Tire Pressures for 2022

I use Suzuki branded oil in my Suzuki!!!

I know, absolutely do NOT use Suzi oil in your Suzi!!!!

(No, I don't actually run it. Well maybe I do, since S probably just slaps their label on the bottle.)
 
On Monday, we tell someone to RTFM. On Tuesday, we tell someone to ignore the manual.
Oil change intervals, anyone?
There is quite a bit of real world experience on this forum....people who have logged thousands and thousands of miles in all kinds of situations and conditions. I for one would not sneer at this.

Take a look at a car tire, often times the max pressure does not equate to the recommended tire pressure inside the door jam. Bike tires are the same, when I was racing, we played with tire pressure all the time to maximize our grip.
 
I run 42/42. I’ve heavy at up to 285 (working on getting down to 250 for a competition) and those pressures do not have me sliding or losing traction unless cold pavement on cold tires. I can lean off bike and scrape pegs and brake extremely hard with zero loss of traction detected.

Due to my weight and how I ride, the bike eats tires. A new set every 2k miles or less and that’s with the tires bald.

029E7561-5BB8-45B0-BEE0-B7E237C02C90.jpeg
 
If you check your tires before you ride, you know what psi they are.
If you warm them up, stop, check them, you know what they warmed up to.
If you pay any attention when you ride, you will learn/should know what variances in tire pressures do, how they will feel in relation, and how it will effect handling.
You will be able to feel if one or both tires is deflating...vs constantly taking your eyes off the road to look at the guage.
Tpms is convinient for some, pointless to many, but a select few seem to have to have it, to each their own.
As for psi, it has already been shown on tires as 42psi as the Max...and the heat of riding increases the psi.
Anyone riding on 42/42 can Not use the bike to it's capabilities, and it is about the same as improper set suspension sag.
If it works for you, great, but it is not correct.
But, I'm just some guy on the internet, so check out what Dave Moss/tire and suspension guru, has to say about it.
 
I run 42/42. I’ve heavy at up to 285 (working on getting down to 250 for a competition) and those pressures do not have me sliding or losing traction unless cold pavement on cold tires. I can lean off bike and scrape pegs and brake extremely hard with zero loss of traction detected.
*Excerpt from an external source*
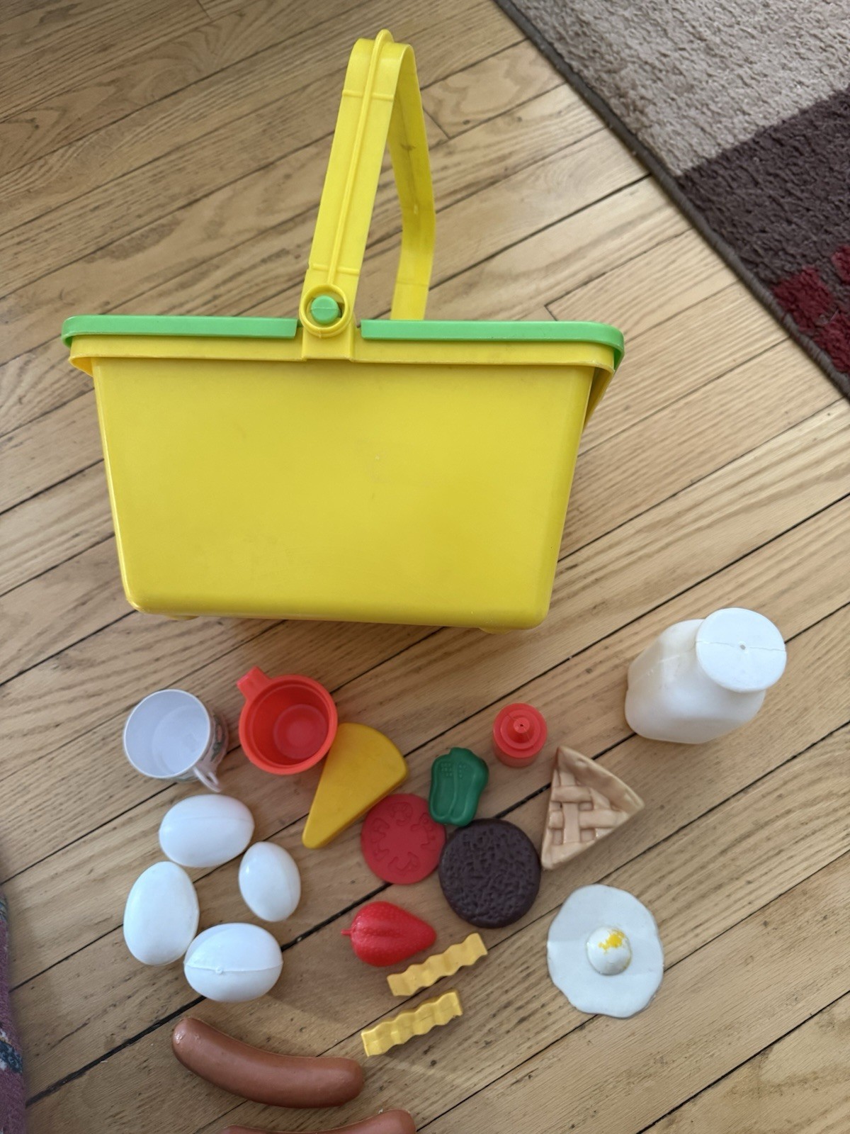 как выглядит Vintage Plastic Yellow Picnic Basket with Play Food фото

Due to my weight and how I ride, the bike eats tires. A new set every 2k miles or less and that’s with the tires bald.

View attachment 1658746

Since 285 is nowhere near 520 pounds, I would venture to say that due to your weight and the way you ride (and) running 42/42 might be why your tires last only 2,000 miles.
 
There is quite a bit of real world experience on this forum....people who have logged thousands and thousands of miles in all kinds of situations and conditions. I for one would not sneer at this.

Take a look at a car tire, often times the max pressure does not equate to the recommended tire pressure inside the door jam. Bike tires are the same, when I was racing, we played with tire pressure all the time to maximize our grip.
I got it, but this started because someone did not have their owner's manual and they wanted to know the 'correct' tire pressures.

Can we admit that SUZI still recommends 42/42# COLD and that would be the answer to the Q?
 
42 cold is insane for any kind of spirited driving. The contact patch at those tire pressures is the size of a dime. 36 cold F/R I recommend. Gets you to around 39-40 hot. Anything past 40 hot it's gets squirrely on the front end.
This! My first track day genuinely shocked me when they told us to lower the pressure down to 30 PSI. During the early decades I was on a budget and on long distance touring I always tried to cheat a few more miles out of the tires by keeping the pressure up around 38 cold or higher. It's insane to me how many cornering close calls I had, and I can remember the terrible grip / handling of the bike as well, keeping the pressure stupidly high like that. Because my tires had a rigid tiny dime of a contact patch, ZeePopo got it exactly right! Easily the stupidest thing I used to do in my motorcycle career.
 
There has to be a reason because my old 2002 Blackbird had 42/42psi on it too. It weighed like 560lbs so about the same as the Busa.